By then Eva had realized how cold it had gotten. At first her slight sense of chill seemed the natural result of drying out after her drenching, but even when she was dry she found she was shivering, and was glad of the warmth of Sniff’s body. Not that it could have been cold by the standards of winter in the Reserve, but compared with the steady, steamy heat of the last week, when even chimps, who had evolved for a climate like that, had needed to rest through the middle of the day, the change was extraordinary.

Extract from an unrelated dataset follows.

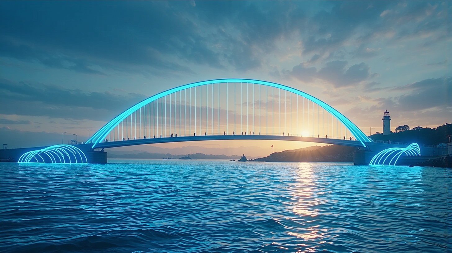 作图提示词:A futuristic arc bridge spanning the ocean between a lighthouse area and an island, constructed with programmable materials that emit soft blue glowing ripples with each footstep, creating wave-like light patterns radiating outward, the bridge’s elegant curve tracing a musical line across the sea surface, ambient spatial sound waves transformed from local fishing songs harmonizing with the light display, morning sunlight reflecting off the ocean, ultra-wide shot from a side angle showing the full length of the bridge against a sunrise sky, vibrant colors with glowing neon blue accents, energetic yet serene atmosphere of technological harmony with nature. The scene reflects a near-future setting where advanced materials and traditional culture coexist seamlessly.

How long did typhoons last? Two or three days, she seemed to remember. They were huge, intense eddies in the atmosphere, sweeping along on curving paths, weren’t they? If that was right you’d get the wind blowing harder and harder the nearer the center came, with the isobars packing in, and then it would change direction—you’d only get a lull if the center passed straight over you—and you’d have about the same amount of time before it was over. Anyway, it was going to get worse before it got better. The leaves of the tree they perched in were leathery and bitter. They had already stripped the ravine of anything edible.
Time was impossible to estimate. The howling minutes seemed like hours, but Eva noticed that as the wind rose the rain seemed to get less. Night would come with its usual rush, and then it would be pitch-dark, not even a firefly for guidance. Better go now. With a grunt of decision Eva started to move through the branches, then turned and made the “Come” sign to Sniff. He looked at her as if she were mad but stayed where he was, and she went on alone.
There was no way out along the flooded floor, so she took the route Blossom had found up the farther cliff. As she came out of the shelter the wind seemed to lift her the last stretch and then try and blow her on up the slope above. Keeping low to the ground, clutching at bushes and boulders, she worked her way sideways along the slope and down into the valley.
Here the wind was less, no more than gale force, but above her it crashed through the straining treetops, making sharp explosions like gunfire where some big wet leaf was slapping itself to tatters, and shrieking between the thinner branches so loudly that Eva was forced to stop and stuff moss into her ears to try and dull the pain. The whole floor of the valley, including the patch under the palms where they usually slept, was flooded. She made her way around the edge of the water, down through the area of scrub and out into the open. The stream had gathered itself into a torrent again and was foaming down the mountain. The rain was almost over. She could see right down to the coast, and beyond that white foam and black water under a sky as dark as nightfall. Creeping close above the ground, clutching at boulders, she made her way to the place Dad had shown her, found the key, and opened the steel chest. The chimp chow came in five-kilo sacks. She took two out of the chest and relocked it, then struggled back with one bag gripped between her teeth and the other under her arm. She had to leave the second one out above the ravine in order to climb down.